With the manhunt now over, officials are thinking about the next steps: interrogation and prosecution. And NPR's counterterrorism correspondent Dina Temple-Raston is here with the latest on that. Dina, thanks for coming in.

DINA TEMPLE-RASTON, BYLINE: You're welcome.

LYDEN: Dina, so the Department of Justice has announced that they aren't going to be reading Dzhokhar Tsarnaev his rights right away. Can you tell us more about that?

TEMPLE-RASTON: The police can interrogate a suspect without reading him his Miranda rights if they determine that he could have information that's of concern for public safety. The public safety exception grew out of a 1984 Supreme Court case called New York versus Quarles. And it basically carved out this public safety exception for a man suspected of rape. The victim had told the police that her rapist had a gun. But when the suspect in the case was arrested, he was wearing an empty holster. So the police asked him where was his gun, and they did that before they read him his rights.

The exception is permitted, the high court said, because the gun posts an imminent threat. The interpretation of the public safety exception was broadened by the Department of Justice a couple of years ago basically to account for terrorism.

Now, not only do investigators have some period of time to make sure there aren't other accomplices or other plots or unfolding attacks, the Justice Department said that even if all the relevant public safety questions have been answered, there may be still a need to collect intelligence so they can continue to question. And the people who determine this - and that's why it's important - is that the FBI in consultation with DOJ decide if this is the case.

LYDEN: So if the Boston Marathon case - it might be that investigators are trying to find out if other terrorist groups are targeting the U.S. or whether some group sent the Tsarnaev brothers in to attack the U.S.?

TEMPLE-RASTON: Yes. They could use the exception for that. Exactly.

LYDEN: So if a public safety exception is invoked - and as you said, this goes all the way back to 1984, although it was enhanced more recently - can he still get a lawyer?

TEMPLE-RASTON: Well, we understand that Dzhokhar is still in serious condition for his gunshot wounds. We know that the public defender - federal public defender in Boston has said he'll have a public defender. But assuming he's sitting up, he can at any point say, I won't talk to you without a lawyer. The question of reading his rights is not the same as whether or not he actually has those rights. He has the right to the assistance of counsel just like any of us does.

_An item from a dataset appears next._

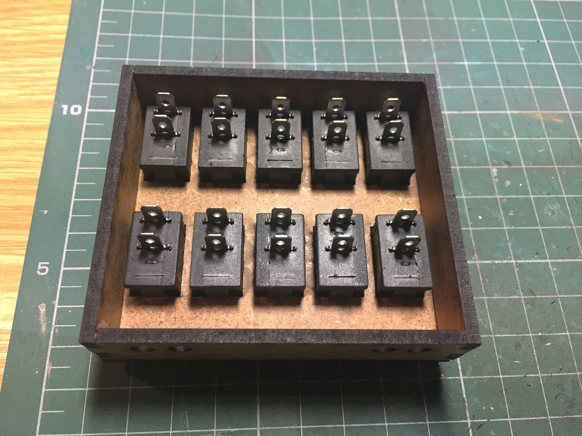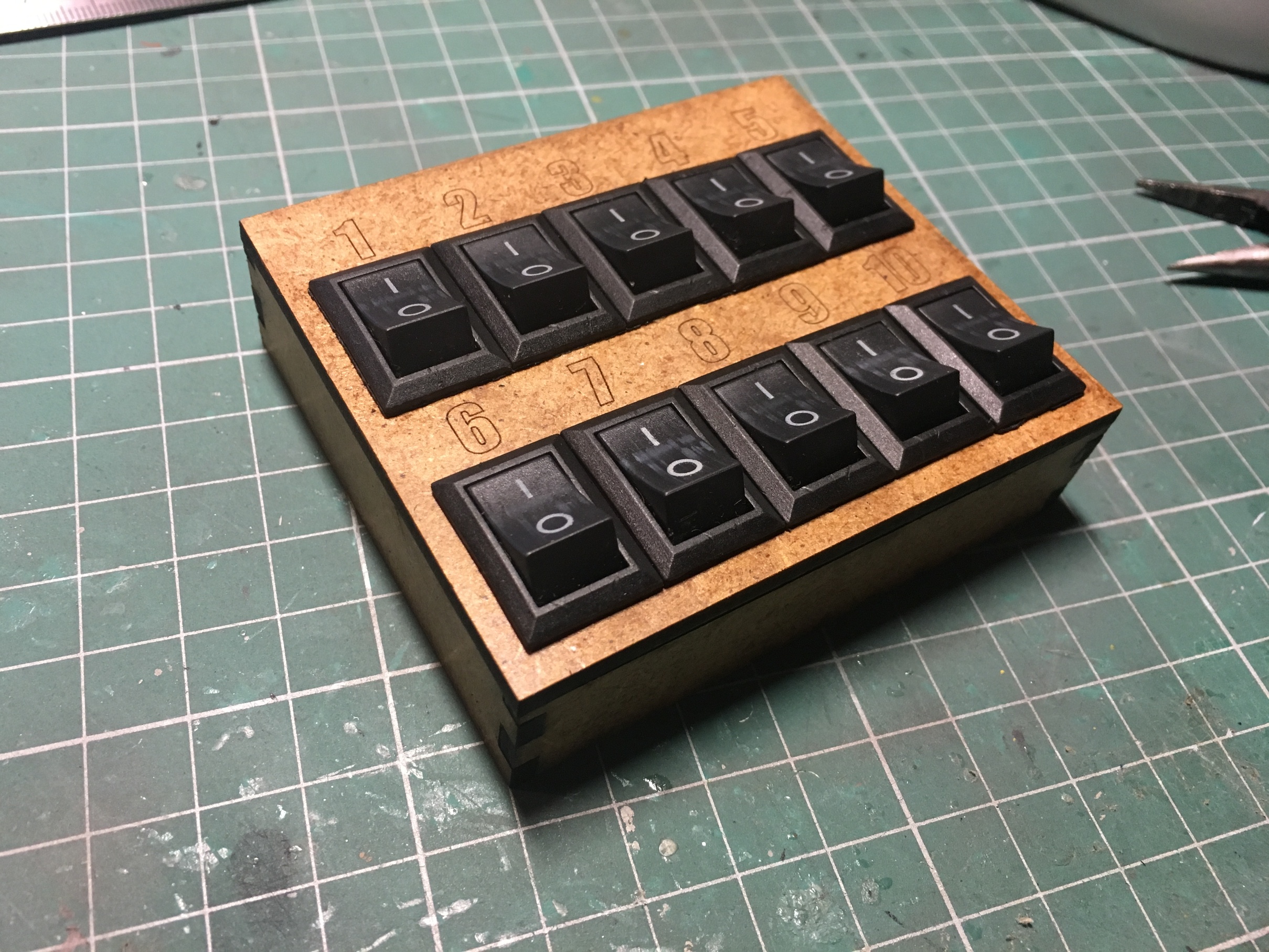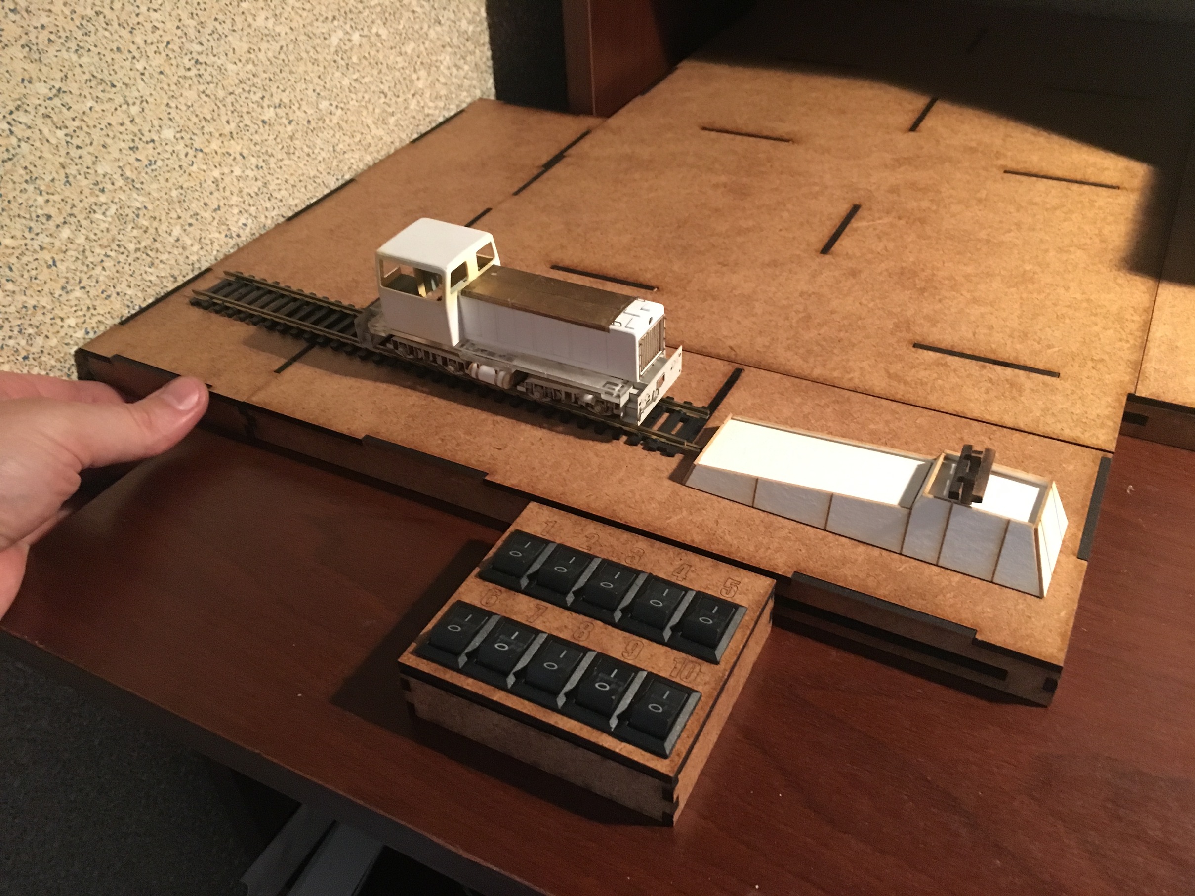 4. Забегая вперёд, раз был поднят вопрос, покажу пульт, который себе под освещение сделал. Выключатели из Китая. 20 штук, буквально 1,5-2уе с бесплатной доставкой. На макете они избыточны. Штуки 3 лишние точно. Но вдруг, что-то добавится. Хотел с индикаторами купить, но там цена, моментально вырастает до глупых цифр. Схема не сложная, перепутать будет почти невозможно. Тем более, всё пронумеровано. Коробочка на ладони помещается. Высота вровень с макетом. Материал - 3мм мдф.

LYDEN: So why not simply Mirandize him?

TEMPLE-RASTON: Well, the concern is that he'll actually exercise his right to remain silent. It happened in the Abdul Muttalib case in which he just decided not to talk to investigators anymore.

LYDEN: In this case, well, everything they would get from Dzhokhar Tsarnaev, would it all be admissible in court?

TEMPLE-RASTON: It depends how long they go without actually Mirandizing him and reading him his rights. It depends on whether in good faith, they believe there are bombs and accomplices out there, and whether they believe there are other people who sent the two brothers here to attack the U.S. So it would be admissible but only for a period of time.

With the underwear bomber in 2009, a young man named Umar Farouk Abdulmutallab, the FBI questioned him for 50 minutes to find out if there was another imminent attack and then they read him his rights, and he eventually pled guilty. In the Boston case, admissibility isn't the sort of primary concern because there are quite a number of eyewitnesses that they could use in court.

LYDEN: NPR's Dina Temple-Raston, thank you again.